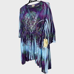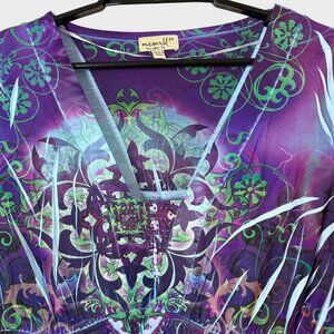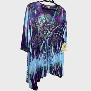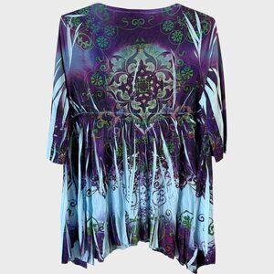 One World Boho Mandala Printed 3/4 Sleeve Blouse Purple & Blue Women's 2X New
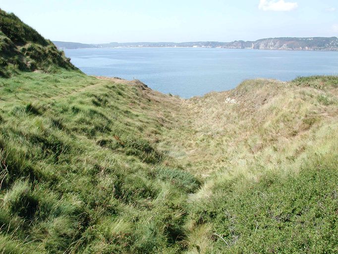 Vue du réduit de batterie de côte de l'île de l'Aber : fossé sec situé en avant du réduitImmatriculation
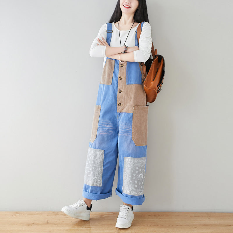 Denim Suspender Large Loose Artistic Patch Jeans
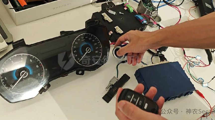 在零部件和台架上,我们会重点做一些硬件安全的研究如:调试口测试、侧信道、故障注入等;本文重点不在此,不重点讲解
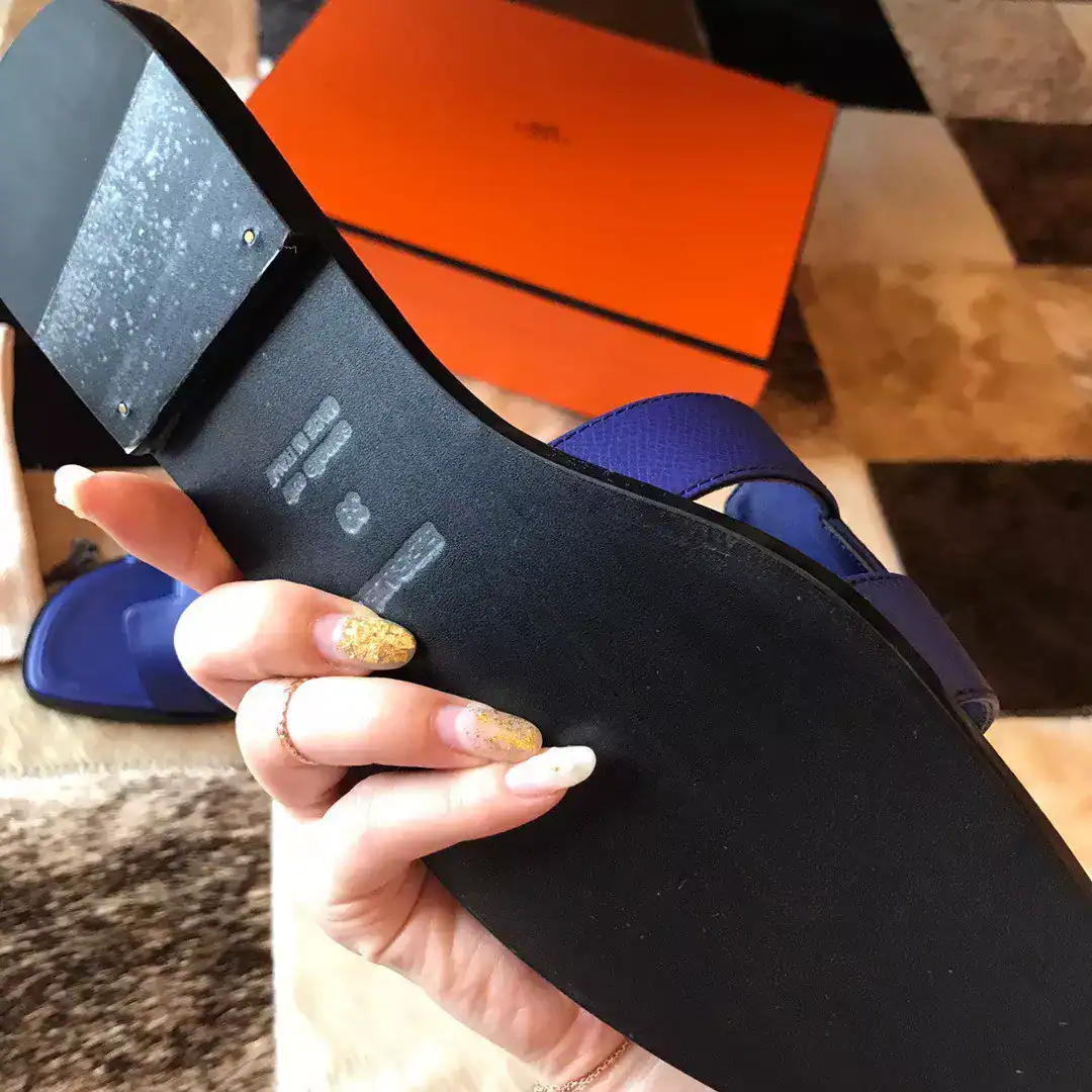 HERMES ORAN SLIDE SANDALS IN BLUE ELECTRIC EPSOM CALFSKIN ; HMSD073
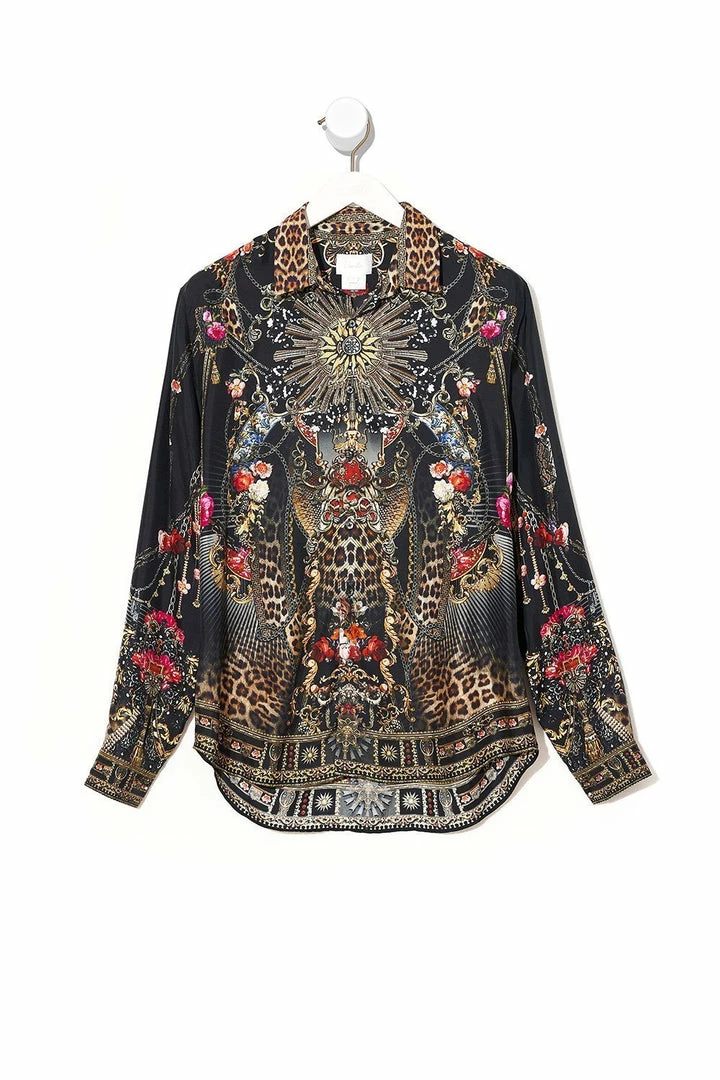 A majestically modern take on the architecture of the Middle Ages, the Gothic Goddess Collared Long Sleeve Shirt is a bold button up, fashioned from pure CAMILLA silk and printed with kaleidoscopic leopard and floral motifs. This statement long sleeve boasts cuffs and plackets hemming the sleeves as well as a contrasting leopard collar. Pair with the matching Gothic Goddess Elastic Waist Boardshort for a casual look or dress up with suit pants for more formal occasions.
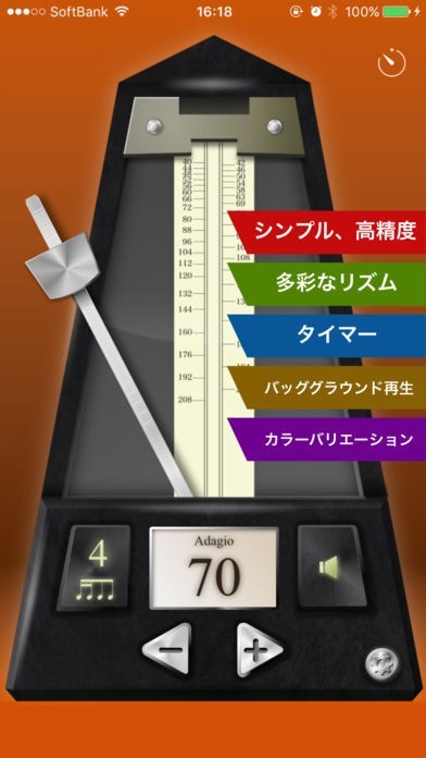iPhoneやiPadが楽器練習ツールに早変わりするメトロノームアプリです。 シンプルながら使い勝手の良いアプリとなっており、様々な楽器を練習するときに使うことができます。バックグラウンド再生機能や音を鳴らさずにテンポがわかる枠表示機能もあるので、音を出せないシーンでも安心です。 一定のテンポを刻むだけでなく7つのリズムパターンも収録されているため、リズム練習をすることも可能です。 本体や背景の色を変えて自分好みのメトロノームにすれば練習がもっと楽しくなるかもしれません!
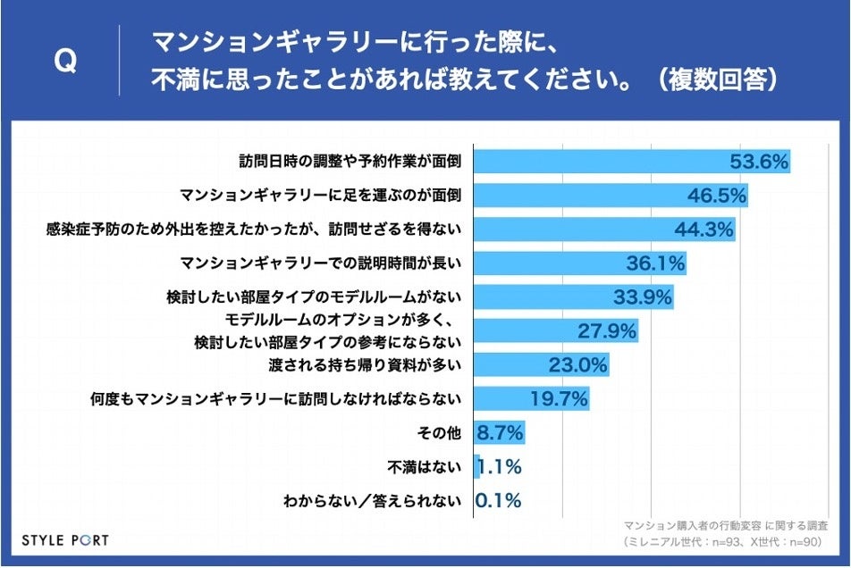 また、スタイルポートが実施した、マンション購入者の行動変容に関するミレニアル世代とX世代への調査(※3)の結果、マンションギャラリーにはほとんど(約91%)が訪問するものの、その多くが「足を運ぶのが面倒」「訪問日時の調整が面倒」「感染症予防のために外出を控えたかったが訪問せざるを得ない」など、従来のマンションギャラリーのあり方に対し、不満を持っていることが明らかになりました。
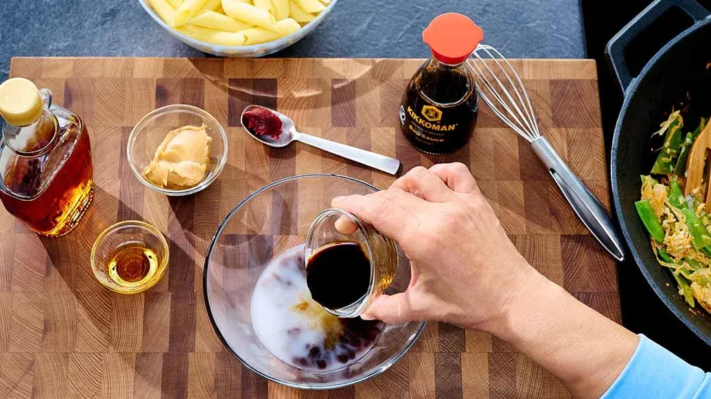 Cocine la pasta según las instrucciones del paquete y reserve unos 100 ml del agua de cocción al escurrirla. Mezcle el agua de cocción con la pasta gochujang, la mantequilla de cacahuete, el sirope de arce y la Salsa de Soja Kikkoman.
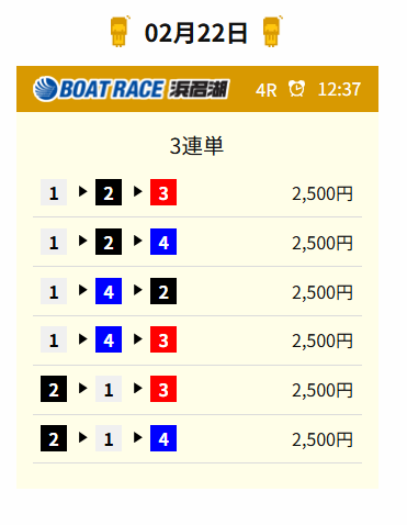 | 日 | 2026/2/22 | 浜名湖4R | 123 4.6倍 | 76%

:: What to produce ::
Only the lines from the one containing "Cocine la pasta" through the end of the records should be copied, exactly and with both ends included; the pictures should not.

:: Worked solution ::
 Cocine la pasta según las instrucciones del paquete y reserve unos 100 ml del agua de cocción al escurrirla. Mezcle el agua de cocción con la pasta gochujang, la mantequilla de cacahuete, el sirope de arce y la Salsa de Soja Kikkoman.
 | 日 | 2026/2/22 | 浜名湖4R | 123 4.6倍 | 76%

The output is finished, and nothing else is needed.